LONDON—Oil prices dipped on Tuesday after the U.S. government said it would release more crude from its Strategic Petroleum Reserve, while traders look out for U.S. inflation data for further queues.
Brent crude futures fell 80 cents, or 0.9 percent, to $85.81 per barrel by 1003 GMT, while U.S. crude futures fell $1.05, or 1.3 percent, to $79.09 per barrel. Both benchmarks are on track for their biggest daily percentage drop since Feb. 3.
The U.S. Department of Energy (DOE) said it would sell 26 million barrels of oil from the SPR, which is already at its lowest level since 1983.
The DOE had considered canceling the fiscal year 2023 sale after U.S. President Joe Biden’s administration last year sold a record 180 million barrels from the reserve. But that would have required Congress to act to change the mandate.

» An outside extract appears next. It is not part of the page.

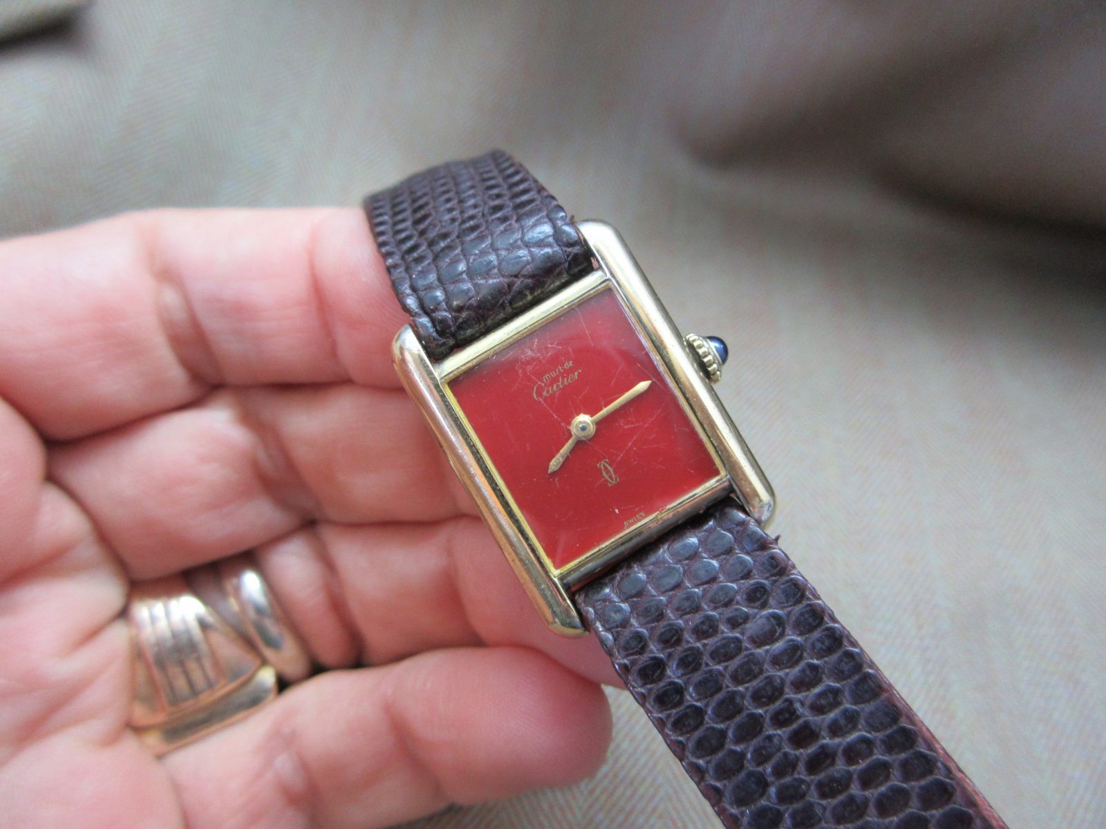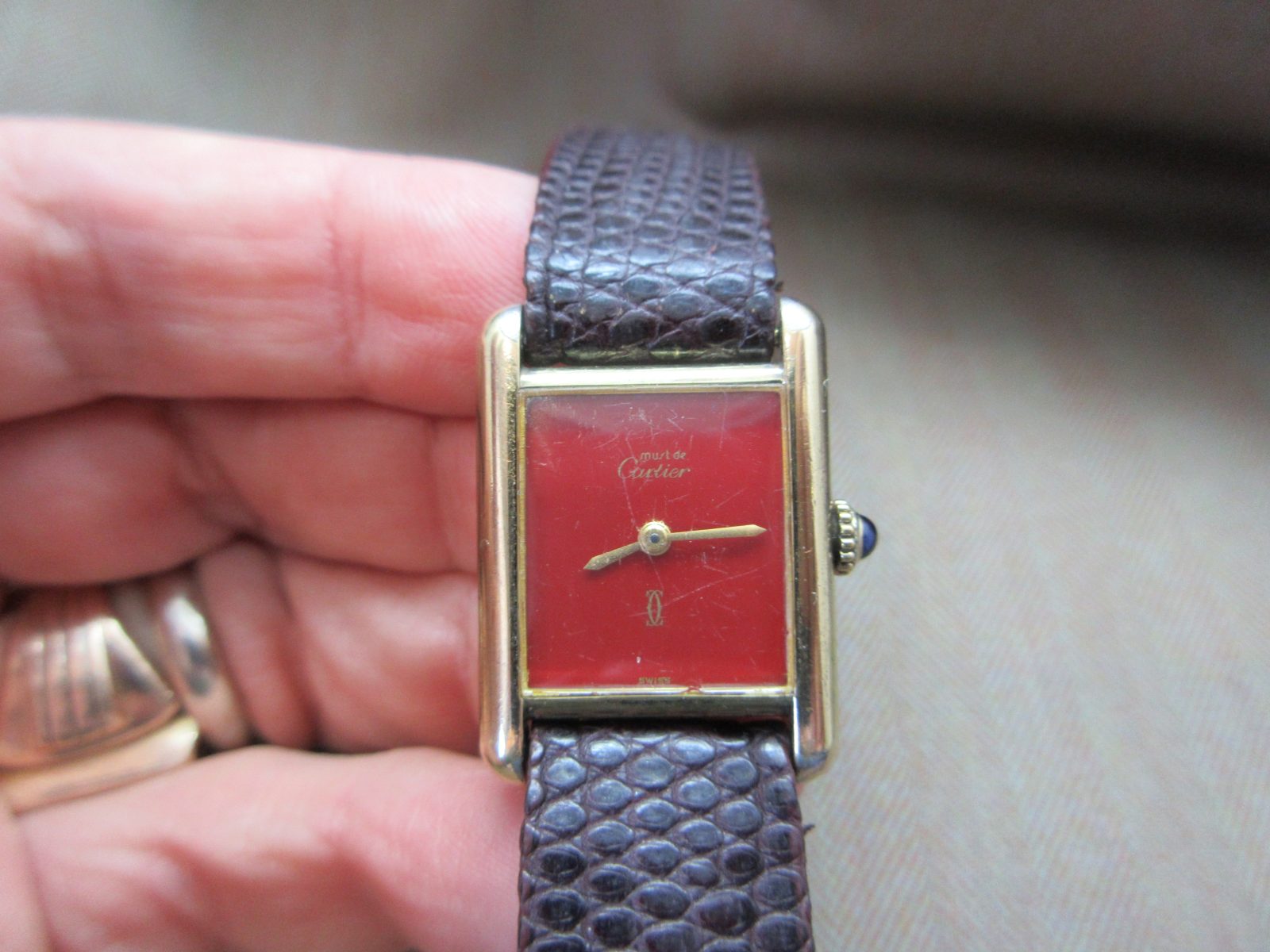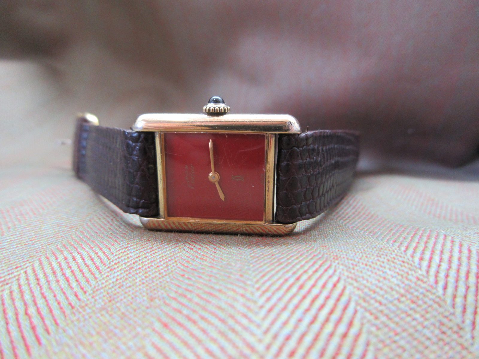 Cartier Vintage Tank Must Plaque Burgundy Junior Size

Supply concerns also eased after the Energy Information Administration said it expected record March production from the seven biggest U.S. shale basins.
Elsewhere, crude exports resumed at a key Turkish port after a devastating earthquake rocked the region.

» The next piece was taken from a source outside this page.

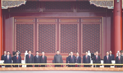 2019年10月1日,庆祝中华人民共和国成立70周年大会在北京天安门广场隆重举行。这是习近平同志、江泽民同志、胡锦涛同志等在天安门城楼上。

Monthly reports from the Organization of the Petroleum Exporting Countries (OPEC) are expected later on Tuesday and from the International Energy Agency (IEA) on Wednesday.
Traders will also be looking for clues from Tuesday’s crucial U.S. consumer price index (CPI) data for January. U.S. monthly consumer prices rose in the previous two months.
A Reuters poll showed a majority of economists expect the U.S. Federal Reserve to raise interest rates at least twice more in coming months. Higher inflation and ensuing rate hikes may weigh on risk assets such as oil.
“The upcoming data tsunami will greatly influence the immediate risk appetite, but the broader view has not changed: inflation will ultimately be defeated,” said PVM analyst Tamas Varga.
“The second half of the year should bring with it tight oil balance greatly aided by reviving Chinese growth.”